Nov 13, 2017  •  Post A Comment

A writer who became one of the country’s most famous gossip columnists, earning the nickname “the Grand Dame of Dish,” has died. The New York Daily News reports that Liz Smith, who wrote a column for the paper from 1976 to 1991, died Sunday in New York.

Smith, 94, reportedly died of natural causes.

Smith’s many scoops included her coverage of “the front-page divorce between a real estate mogul named Donald Trump and his first wife, Ivana,” the Daily News reports. “Not only did Smith spend three months covering the public split, but she also took sides.”

Smith wrote of Ivana Trump at the time: “She still wants to be his wife. But the bottom line is, she won’t give up her self-respect to do it.

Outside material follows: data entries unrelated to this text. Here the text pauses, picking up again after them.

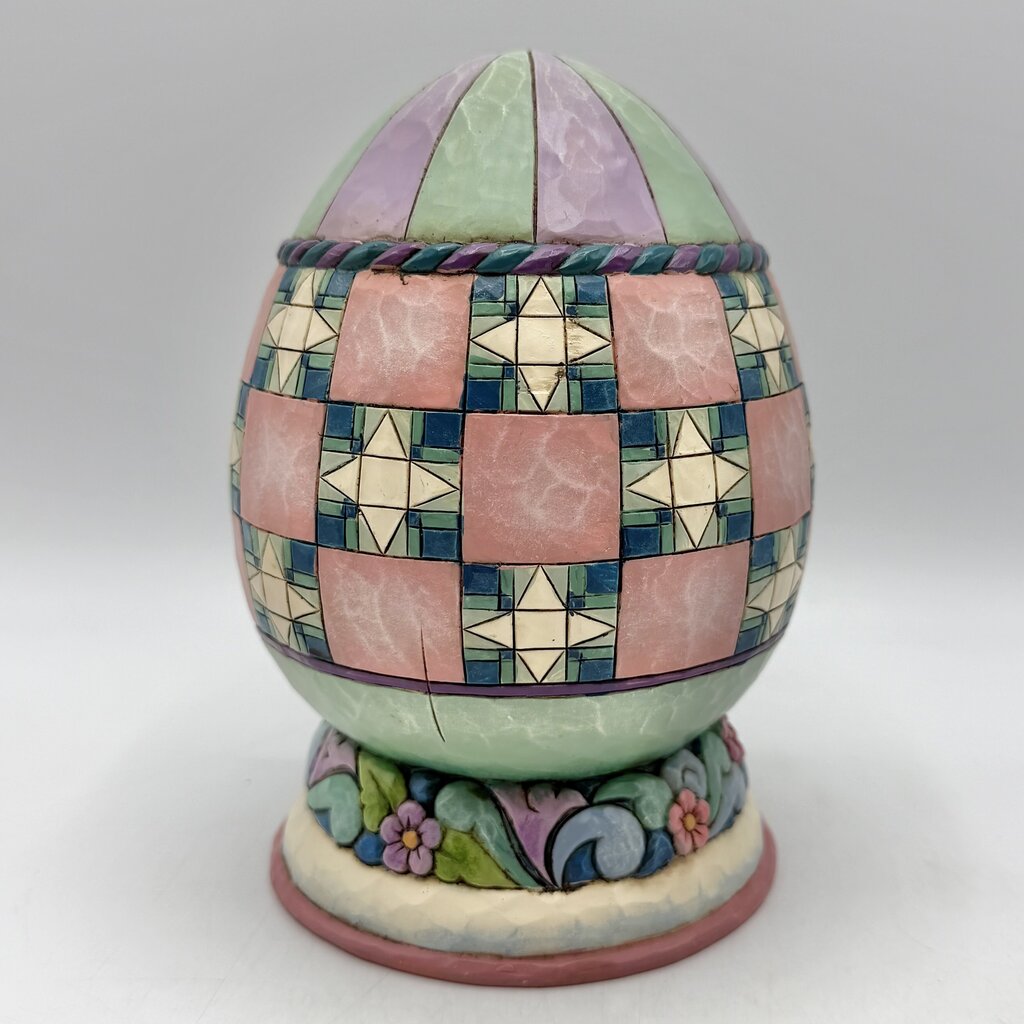 Enesco Jim Shore Heartwood Creek 2009 “Spring Love” lighted egg diorama 4015889. This figurine is a beautifully decorated egg, with spring flowers and the Spring Fancy quilt pattern, opening to reveal a loving bunny couple collecting Easter eggs. Made of resin it features the intricate whimsical folk art designs Jim Shore is known and loved for. The diorama illuminates from within, casting a gentle glow.
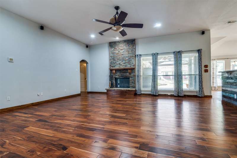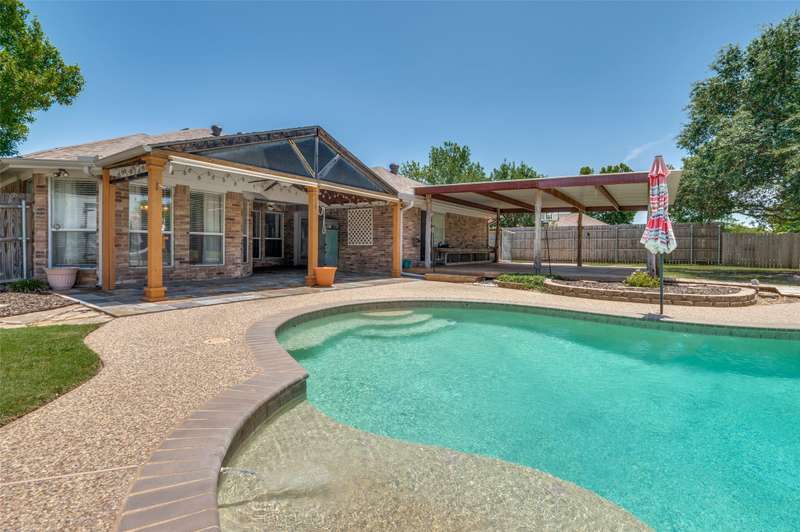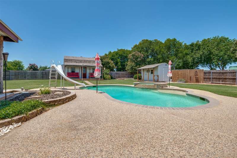 Experience comfort and style in this exceptional home featuring rich wood flooring, a dedicated office with custom built-ins, and an eye-catching fireplace. The open-concept kitchen is ideal for hosting, offering a generous island and a sunlit breakfast nook surrounded by windows. Step outside to your own private retreat with a sparkling pool, relaxing hot tub, spacious covered patio, and a wood deck perfect for entertaining. This home is a rare find and ready to impress.
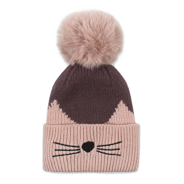 Зимняя шапка для девочки выполнена в теплых и нежных розовых оттенках, украшена милым рисунком мордочки кошечки с ушками на отвороте. Большой пушистый помпон сверху добавляет игривости и делает образ особенно очаровательным. Такой дизайн создает уютное и теплое настроение в холодное время года.
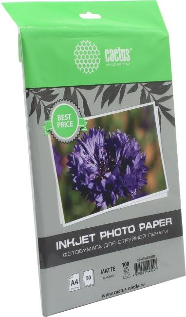 Фотобумага Cactus A4/100г/м2/50л./белый матовое для струйной печати CS-MA410050ED
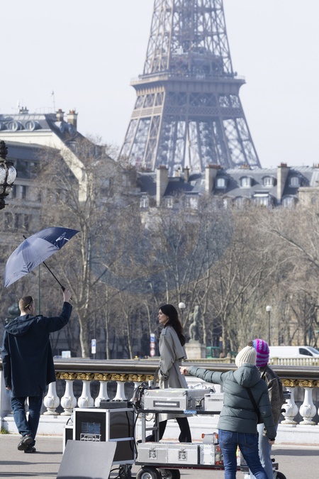 Exclusif - L'ambassadrice de l'Oréal Kendall Jenner continue de tourner une publicité pour l'Oréal sur le pont Alexandre III à Paris, France, le 8 mars 2024. No Web pour la Belgique et la Suisse Exclusive - For Gezrmany Call For Price - L'Oréal Paris ambassador Kendall Jenner continues to shoot an advertisement for L'Oréal on the Alexandre III bridge in Paris, France, on March 8, 2024.

“Intimates say she had every chance to continue being Mrs. Trump by allowing her husband to live in an open marriage.”

Donald Trump was reportedly unhappy with the coverage, with The New York Times reporting earlier this year that Trump once threatened to buy the Daily News so he could fire Smith.

“Known as the ‘Grand Dame of Dish,’ Smith graduated from the University of Texas and moved to the city with two suitcases and $50 in her pocket,” the Daily News reports. “She began her journalism career as a CBS Radio news producer for Mike Wallace before starting as a ghost writer for the Hearst gossip column Cholly Knickerbocker in the late 1950s.”

Smith also worked for Cosmopolitan and Sports Illustrated before landing at the Daily News.